How do I prove this measure of entropy is constant? This actually came about from a different question: "A random natural number $0 \leq n \leq 999$ is chosen and written down in base 10 by person A (including leading zeros, if $n<100$). Person B then writes down a three-digit number $m$ (also including any necessary leading zeroes) and sees how many, if any, of the digits match $n$. What is the associated entropy of the set of matches?"
We can calculate these probabilities fairly easily. There is a .001 chance that $m=n$. There is then a .009 chance that the first two digits match but the third does not, a .009 chance for the second two match but the first does not, and a .009 chance for the first and last to match but not the middle; in total, there is a .027 chance that two digits match. We can use a similar argument to see that there is a .243 probability that one digit matches, and a .729 probability that no digits match. The entropy function in its general form (when measured in bits) is equal to $H=\Sigma_i^np_i\log_2 (\frac{1}{p_i})$, where $p_i$ is a the probability that a certain outcome occurs. Thus, our entropy is

*

*$\frac{1}{1000}\log_2{(1000)}+\frac{27}{1000}\log_2{(\frac{1000}{9})}+\frac{243}{1000}\log_2{(\frac{1000}{81})}+\frac{729}{1000}\log_2{(\frac{1000}{243})}\approx 1.407$
One quickly sees that this can be generalized for $10^b$ with the following formula
$$H(X_b)=\Sigma_{n=0}^b {b \choose n}\left(\frac{9^n}{10^b}\right)\log_2{\left(\frac{10^b}{9^n}\right)}$$
Here's where things get interesting: I was looking at this through Desmos, and I found the following relation.

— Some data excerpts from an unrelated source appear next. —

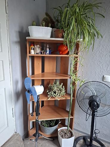 Компактный открытый стеллаж из ЛДСП в цвете «бук». Примерные габариты (по фото): ширина около 80–90 см, высота около 60 см, глубина около 25–30 см.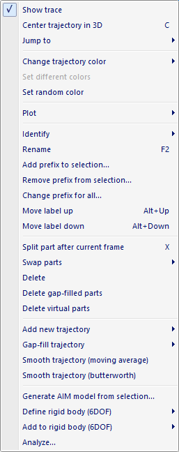 The Trajectory info window menu contains options for the tracked trajectories in a file. Most of the options are not available in real-time. The menu can be accessed by right-clicking in the following places: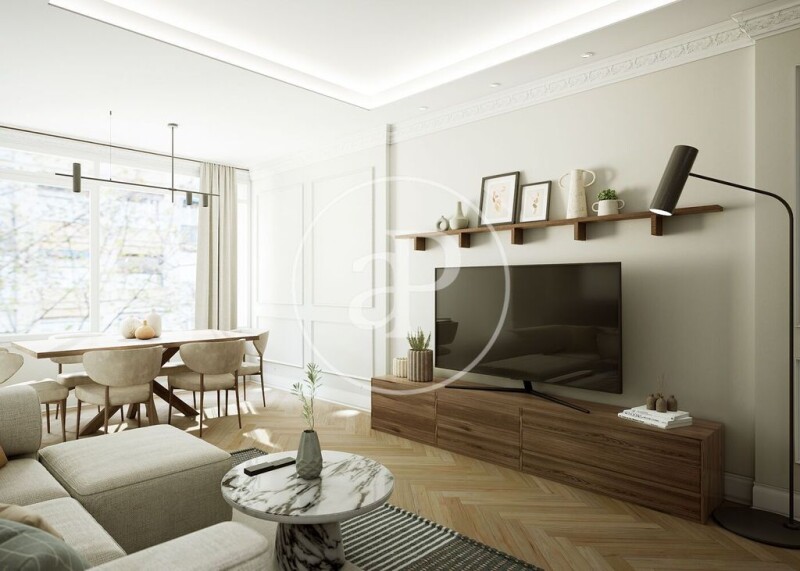 We present this beautiful flat of 193sqm, exterior, with a strategic location in Alonso Cano street, in the neighbourhood of Ríos Rosas, Chamberí, which is delivered fully refurbished and furnished, ready to move into. It is currently in the process of being refurbished, so the images published are merely indicative of a project by the same refurbisher. As for the distribution, the day area will consist of a spacious living-dining room with integrated kitchen, very bright, east facing, a laundry area and a guest toilet. The night area will include three spacious double bedrooms, each with en-suite bathroom and fitted wardrobes, the master bedroom with a comfortable dressing room. The flat will be a perfect combination of functionality and design for a comfortable lifestyle with all the comforts, given that it also has a storage room and garage. It has central heating with individual consumption meters and air conditioning in all rooms. The property has a concierge service. This is an excellent opportunity to acquire a brand new flat, very spacious, comfortable and with an excellent location, in one of the trendiest neighbourhoods in the district of Chamberí, with a young and dynamic atmosphere, a mix between the traditional and the modern with an important cultural and leisure offer. Located in the Chamberí district, Ríos Rosas is one of the capital's best-known neighbourhoods. It is located in the area bounded by Paseo de la Castellana, the streets Raimundo Fernández Villaverde, Agustín de Betancourt and Plaza de San Juan de la Cruz. It has fantastic accessibility and public transport connections, as well as a wide variety of restaurants and museums, green spaces, universities and schools. For those looking for a professional environment close to home, Nuevos Ministerios is home to the headquarters of the Ministries of Public Works, Employment and Social Security and a section of the Ministry of Agriculture and the Environment, as well as many of the city's important business centres and offices. Can you imagine living here?.

$\frac{\log_2{(10^b)}}{H(X_b)} = 7.083068882...$
This seems to hold for natural $b$ - there is some small variance from this value when $b\in \{\mathbb{R^+}\}/\{\mathbb{N}\}$, but I am more astonished at this constant appearing out of the blue. I can't find anything on OEIS suggesting that this is a known constant. Where did it come from, and what is its exact form?

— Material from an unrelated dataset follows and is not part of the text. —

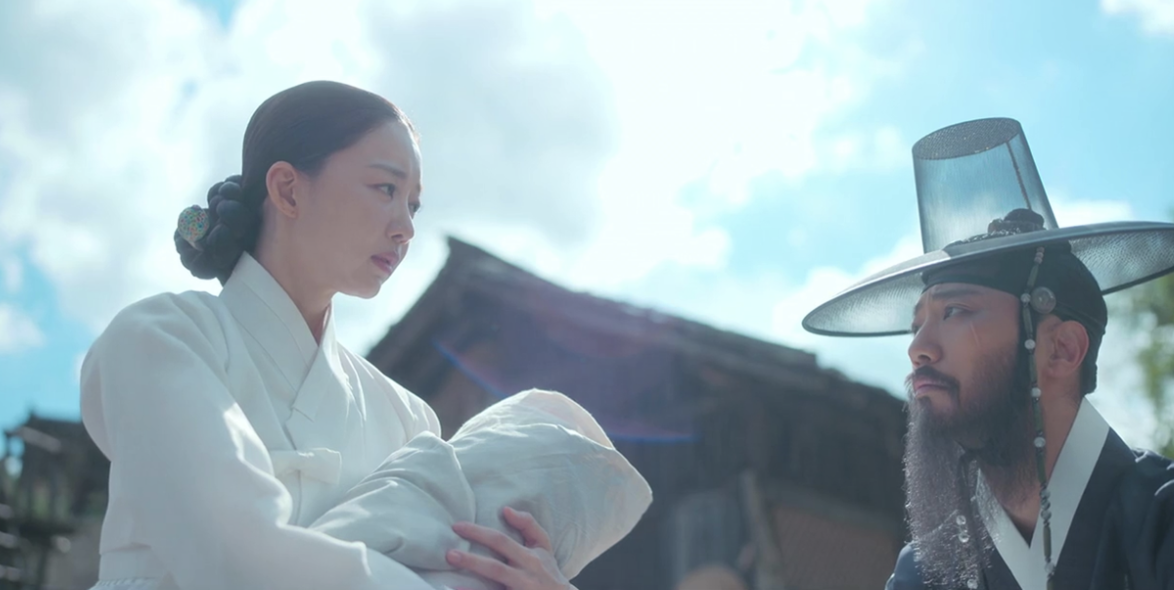 On the run, Yi Kang and Dal-i take refuge with an old man Dal-i once saved. There, she finally pieces together her memory from Gamaksan Mountain: a grieving woman in mourning clothes, the nameless ones intervening, and a detail that gives everything away, the woman’s clean feet. The nameless ones have a base there. She also remembers her brother investigating the incident and giving her a book to pass to the king if anything happened to him.

 A: More generallly, if you have a coin with probability of heads $p$ and you flip it $b$ times, the entropy of the locations of the heads is $$-\sum \binom bn p^n(1-p)^{b-n}\log\left(p^n(1-p)^{b-n}\right)\\=-\log(p)\sum_n n\binom bnp^n(1-p)^{b-n}\\-\log(1-p)\sum(b-n)\binom bn p^n(1-p)^{b-n}$$
Then $$n\binom bn=b\binom{b-1}{n-1}\\(b-n)\binom nb=b\binom{b-1}{n}.$$ So you’d get an entropy of $$-b(p+(1-p))^{b-1}\log p +(-b)(p+(1-p))^{b-1}\log(1-p)\\=-b (p\log p+(1-p)\log (1-p)),$$ or $b$ times the entropy of a single toss of the coin.
In your case, $p=\frac1{10},$ so $$H(X_b)=b\left(\frac1{10}\log(10)+\frac{9}{10}\log\left(\frac{10}9\right)\right)\\=b\left(\log(10)-\frac{9}{10}\log9\right)$$
Then $$\frac{\log(10^b)}{H(X_b)}=\frac{\log(10)}{\log 10-\frac9{10}\log 9}=\frac{1}{1-\frac{9}{10}\log_{10}9}$$

This is a special case of the additive nature of entropy. If you have two independent random events with probabilities $p_i$ and $q_j$ then the entropy of both events is the sum of the entropies of the individual events.
$$\begin{align} 
-\sum_{ij} p_iq_j\log (p_iq_j)&=-\sum_{ij}q_{j}p_i\log p_i-\sum_{ij}p_iq_j\log q_j\\&=-\left(\sum_j q_j\right)\sum_i p_i\log p_i-\left(\sum_i p_i\right)\sum_j q_j\log q_j\\&=-\sum_i p_i\log p_i-\sum_j q_j\log q_j.\end{align}$$